In Lucy v. Adams, 1955, 350 U.S. 1, 76 S.Ct. 33, 100 L.Ed. 3, the Supreme Court indicated, as we have never doubted, that individual plaintiffs in a class suit such as those at bar, have a personal right to immediate enforcement of their claims if such be feasible. We can perceive no reason why the individual infant plaintiffs who presently actively seek integration should -not be granted that right immediately.
For the reasons stated we disapprove the plan insofar as it postpones full integration. The judgment appealed from *390will be vacated. The court below will be directed to enter an order requiring the State Board of Education of Delaware and the State Superintendent of Public Instruction to submit to the court below on or before December 1,1960, for its approval a modified plan which will provide for full integration of all grades of the public schools of Delaware commencing with the Fall term 1961. The court below also will be directed to order the individual defendants, respectively members of the Boards of Trustees or of the Boards of Education in the School Districts as named above, to integrate commencing with the Fall term 1960, the respective individual infant plaintiffs who presently actively seek integration. The court below also will be directed to enter an order requiring, except as hereinbe-fore provided with respect to the individual infant plaintiffs, the continuation of the grade-by-grade integration presently in effect until the modified plan providing for full integration as contemplated by this opinion be put in operation.
. Reference to this fact is made in the star note to Judge Layton’s supplemental opinion, 173 F.Supp. at page 892.
. It should be pointed out, however, that the figure of 1,000 Negro children, given by Exhibit 11, is an estimate based on the number of Negro children who had entered the first grades in the Fall of 1958, whereas the total of 25 Negro children represents the actual number who registered in June 1959, for entrance in September 1959 to the first grades in “White Schools” which previously had not had plans for desegration approved by the State Board of Education.

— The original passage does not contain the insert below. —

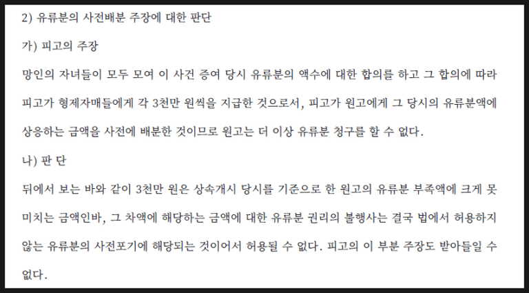 ③ 실질적 형평 도모: 법원은 형식적인 합의 내용보다는 상속인 간의 실질적인 형평을 도모하고자 노력했으며, 이미 지급된 금원을 유류분 부족액에서 공제함으로써 공정한 결과를 도출하고자 했습니다.
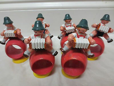 Set Of 6 Hand Painted Wood Napkin Rings German Boy With Accordion

We do not have in the record the exact number of Negro children eligible or available for entrance into the first grades on a non-segregated basis in September 1959, but we are of the opinion that the “Population” figures given in Exhibit 11 are close to the number of Negro children available for desegregated entry into the first grades and that only about 2.5% of these children applied for such entry.
. Evidence has been introduced to the effect that the intelligence of Negro children in Delaware as demonstrated by intelligence and aptitude tests is less to some degree than that of Caucasian children. We have examined this evidence carefully and we conclude that the asserted disparity in intelligence between Negro and Caucasian children is not of such a degree as to prevent or even to hinder substantially their mutual desegregated education. Some adjustments may be necessary from grade to grade but this is a matter which the competent Delaware school authorities will be able to handle adequately administratively.